Sustainability is an important aspect of digital library initiatives. Partly because they are often funded by grant or special monies, out of the mainstream of business as usual. For this reason, it is not surprising to see how much attention the topic has received.
Before coming to OCLC I worked for JISC in the UK. JISC provides shared services to UK higher and further education. An important part of this is its support for applied R&D in universities and colleges through its grant programmes. You can get a sense of the breadth and diversity of these programmes on the website.
You will also find guidance for what is called Exit and sustainability plans in the project management area of the site along with this note:
You must develop an exit/sustainability plan on what should happen to project outputs at the end of the project, and to explore which ones should be sustained further and how.
Another example of such attention is provided by the work of Ithaka S+R on Sustainability and revenue models for online academic resources. I discussed this in a previous blog entry: Entrepreneurial skills are not given out with grant letters.
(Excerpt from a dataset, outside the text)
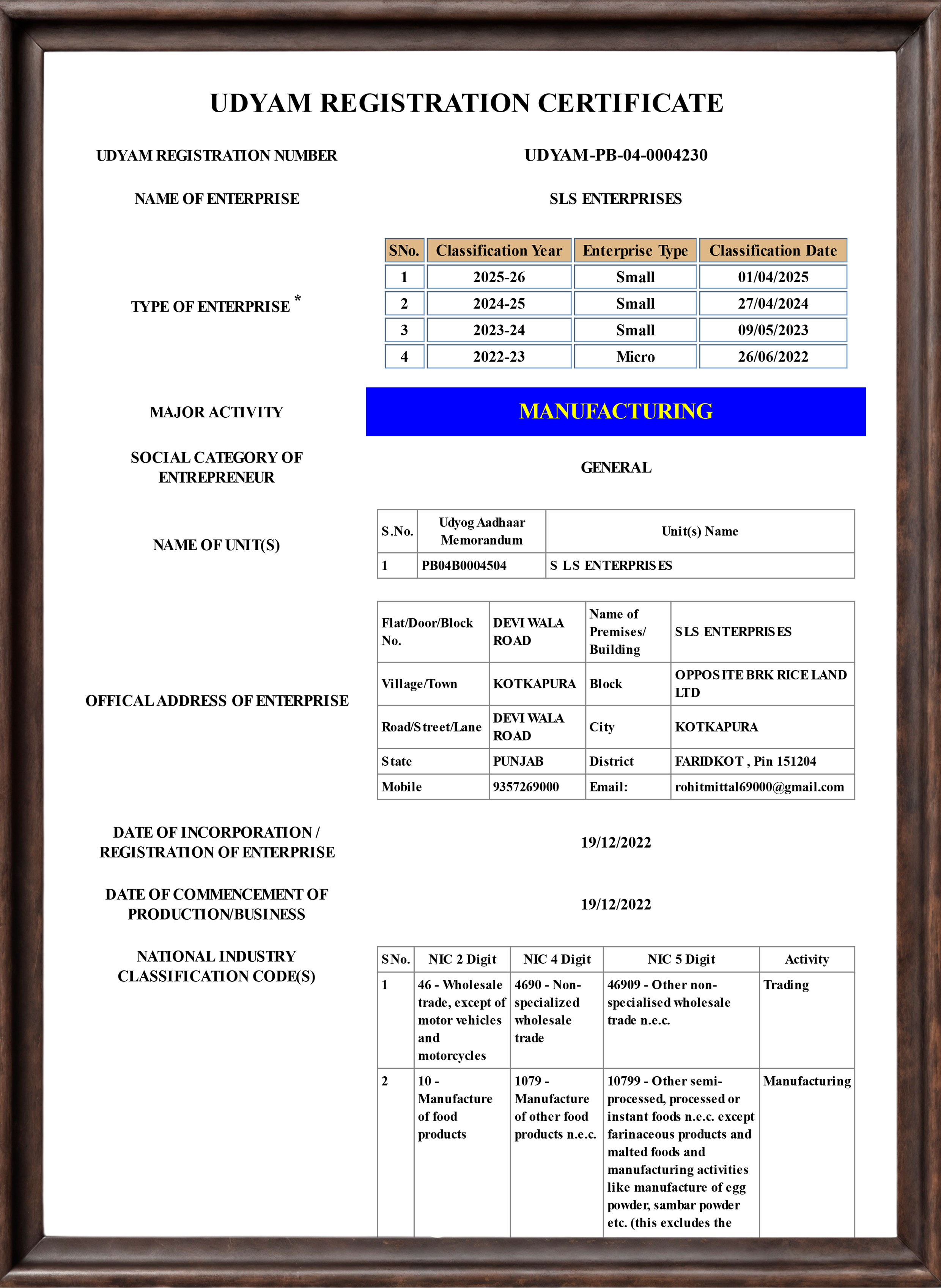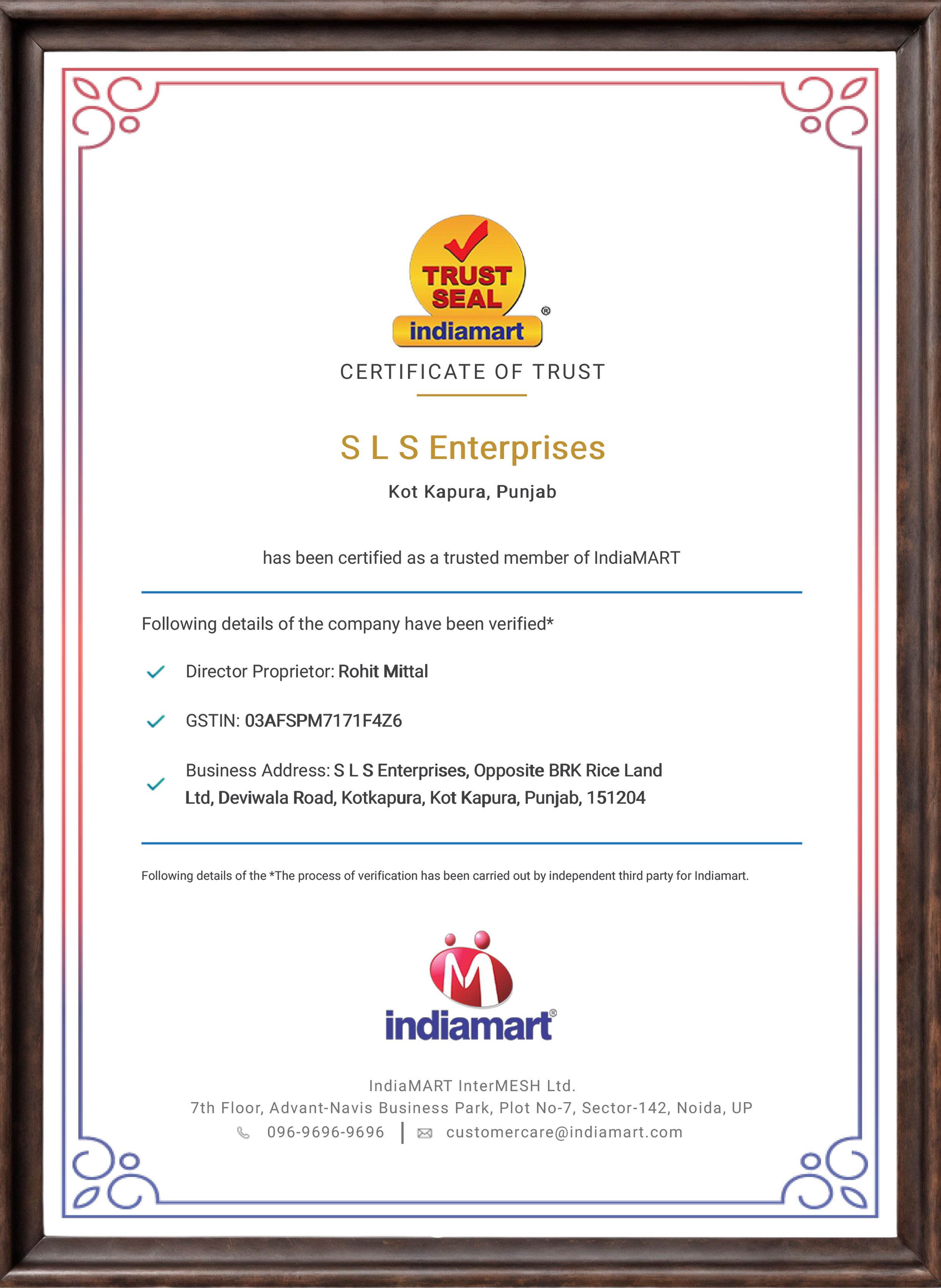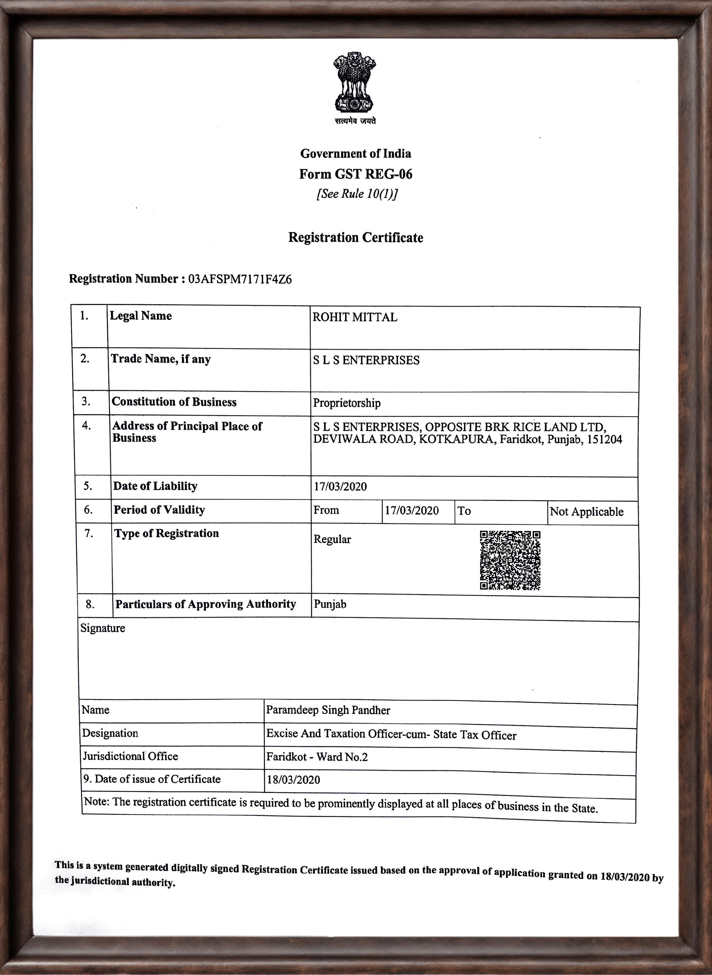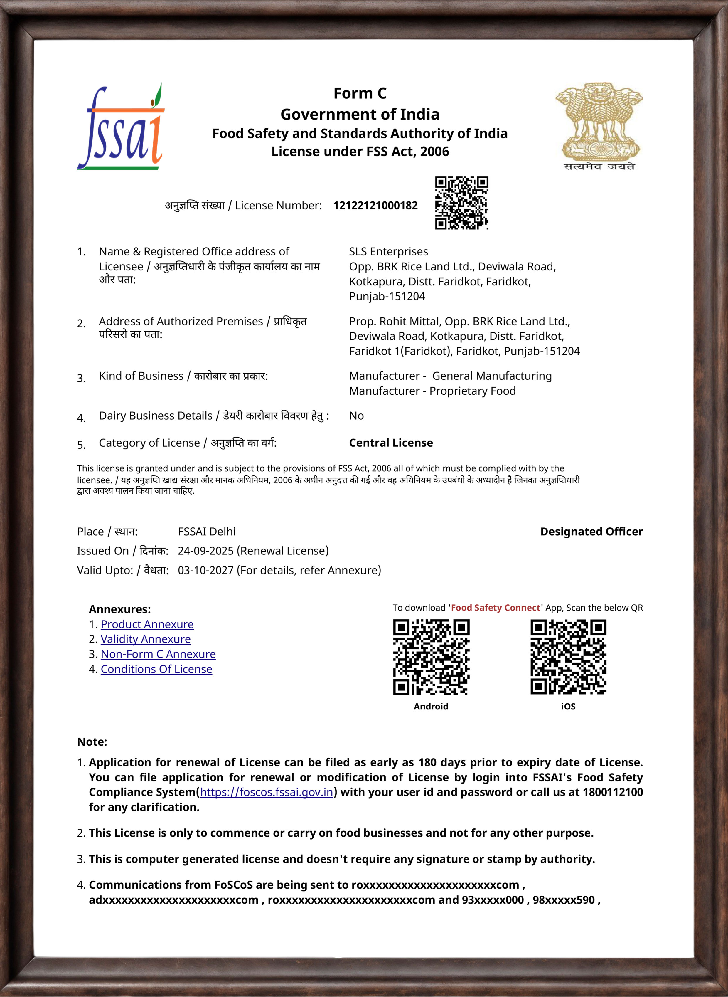 Manufacturing Unit: Opp. BRK Riceland, Main Devi Wala Road, Moga Road, Kotkapura, Punjab – 151204

I noted one of the themes of the report as follows:
Third was the acknowledgement that projects may not naturally think of ‘value’ in business or commercial terms, and indeed there may sometimes be an antipathy to commercial enterprise. (This is not the only measure of ‘value’.) [ Entrepreneurial skills are not given out with grant letters]
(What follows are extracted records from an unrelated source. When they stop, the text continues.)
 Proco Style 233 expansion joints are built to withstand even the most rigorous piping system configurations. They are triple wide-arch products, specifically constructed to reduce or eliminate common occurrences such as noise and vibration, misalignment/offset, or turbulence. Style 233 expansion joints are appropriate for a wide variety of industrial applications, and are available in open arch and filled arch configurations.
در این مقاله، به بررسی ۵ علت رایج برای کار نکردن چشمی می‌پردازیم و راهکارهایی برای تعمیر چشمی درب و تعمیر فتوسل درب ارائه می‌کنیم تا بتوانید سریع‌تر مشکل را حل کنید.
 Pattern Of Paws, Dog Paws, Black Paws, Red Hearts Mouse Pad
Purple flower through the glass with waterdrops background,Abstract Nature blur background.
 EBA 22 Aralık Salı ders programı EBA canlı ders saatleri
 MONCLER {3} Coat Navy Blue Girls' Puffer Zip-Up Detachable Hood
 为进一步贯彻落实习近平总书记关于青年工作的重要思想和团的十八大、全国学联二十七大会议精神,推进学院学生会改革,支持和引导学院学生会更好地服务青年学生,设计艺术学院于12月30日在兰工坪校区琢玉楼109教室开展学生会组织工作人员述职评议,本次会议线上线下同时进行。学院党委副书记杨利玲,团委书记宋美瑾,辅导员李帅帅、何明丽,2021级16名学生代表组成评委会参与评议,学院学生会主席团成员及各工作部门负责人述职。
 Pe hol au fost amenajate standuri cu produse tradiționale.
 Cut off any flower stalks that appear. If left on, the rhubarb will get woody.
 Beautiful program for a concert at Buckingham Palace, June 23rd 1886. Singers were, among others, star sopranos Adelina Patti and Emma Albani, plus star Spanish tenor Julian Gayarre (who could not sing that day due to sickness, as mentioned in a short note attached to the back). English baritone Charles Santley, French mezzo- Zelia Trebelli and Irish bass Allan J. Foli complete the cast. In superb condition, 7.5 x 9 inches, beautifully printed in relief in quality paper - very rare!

I was reminded of this a while ago when somebody resisted the use of the expression ‘business model’ in a conversation about the ‘sustainability’ of a resource on the grounds that it was not a commercial or business activity. I suppose that an important part of this is resistance to the idea that financial metrics are the only measure of value.
That said, sustainability involves securing enough revenues to continue to operate, whatever type of organization is involved.
Turning to Wikipedia, I was quite surprised at how much emphasis the entry on business models put on profit. It usefully points to a working paper providing an literature review: The business model, theoretical roots, recent developments and future research [PDF]. Interestingly, this paper shows that the term business model really only became popular in the mid-1990s, perhaps influenced by the search for new business models in an Internet environment. They also note a lot of variety in definition.
Anyway, all of this is by way of introduction to a modest statement: it seems to me to be reasonable to say that ‘sustainability’ involves developing a viable business model.